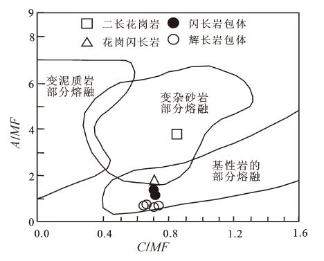 研究区寄主岩石黑云二长花岗岩、花岗岩闪长岩和闪长岩包体的锆石Hf 同位素研究结果表明[16],不同类型岩石的锆石Hf 同位素组成明显不同。其中,黑云母二长花岗岩锆石的176Hf/177Hf 比值较低,为0.282447~0.282547,对应的εHf(127 Ma)值为- 9.1~-5.4,TDM2Hf 值为1.5~1.7 Ga,远大于其U-Pb 年龄值。为来源于古老的地壳物质的部分熔融的产物。在AMF-CMF图解中,黑云二长花岗岩主要位于变质火成岩或杂砂岩的部分熔融区。因此黑云二长花岗岩浆可能来源于本区中元古代高黎贡山群的地壳物质的部分熔融。具有S 型花岗岩的特征。
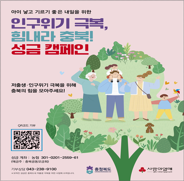 한편, 지난해 6월부터 충북도와 충북사회복지공동모금회가 함께 추진하고 있는 저출생·인구위기 극복 성금 모금 캠페인은 계좌이체, QR코드 등을 통해 소액이라도 누구나 참여할 수 있다.
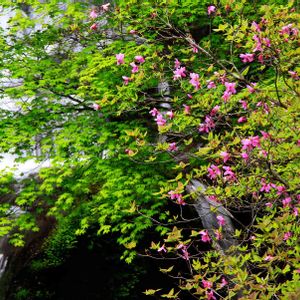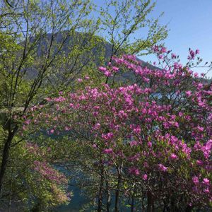 トウゴクミツバツツジ 20.5.28 日光竜頭の滝に一番似合うツツジ💠 滝の上では七分咲🏵下ではほぼ満開のよう☺️ 日光は昨秋の台風💨今年コロナの被害😖 それでも綺麗に咲いています🤗
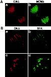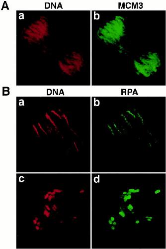 Figure 4. Prereplication centers are defined during anaphase. Early embryos were submitted to indirect immunofluorescence with XMCM3 (A) or RPA (B) antibodies. Red, DNA staining (propidium iodide); green, XMCM3 and RPA. Anaphase chromosomes at both poles (A, a and b) or one pole (B, a and b) and telophase karyomeres (B, c and d) are presented.

-=-=-

** TASK DETAILS **
Give back the full data exactly as it reads, but drop the pictures.

** RESULT OF THE TASK **
 研究区寄主岩石黑云二长花岗岩、花岗岩闪长岩和闪长岩包体的锆石Hf 同位素研究结果表明[16],不同类型岩石的锆石Hf 同位素组成明显不同。其中,黑云母二长花岗岩锆石的176Hf/177Hf 比值较低,为0.282447~0.282547,对应的εHf(127 Ma)值为- 9.1~-5.4,TDM2Hf 值为1.5~1.7 Ga,远大于其U-Pb 年龄值。为来源于古老的地壳物质的部分熔融的产物。在AMF-CMF图解中,黑云二长花岗岩主要位于变质火成岩或杂砂岩的部分熔融区。因此黑云二长花岗岩浆可能来源于本区中元古代高黎贡山群的地壳物质的部分熔融。具有S 型花岗岩的特征。
 한편, 지난해 6월부터 충북도와 충북사회복지공동모금회가 함께 추진하고 있는 저출생·인구위기 극복 성금 모금 캠페인은 계좌이체, QR코드 등을 통해 소액이라도 누구나 참여할 수 있다.
 トウゴクミツバツツジ 20.5.28 日光竜頭の滝に一番似合うツツジ💠 滝の上では七分咲🏵下ではほぼ満開のよう☺️ 日光は昨秋の台風💨今年コロナの被害😖 それでも綺麗に咲いています🤗
 Figure 4. Prereplication centers are defined during anaphase. Early embryos were submitted to indirect immunofluorescence with XMCM3 (A) or RPA (B) antibodies. Red, DNA staining (propidium iodide); green, XMCM3 and RPA. Anaphase chromosomes at both poles (A, a and b) or one pole (B, a and b) and telophase karyomeres (B, c and d) are presented.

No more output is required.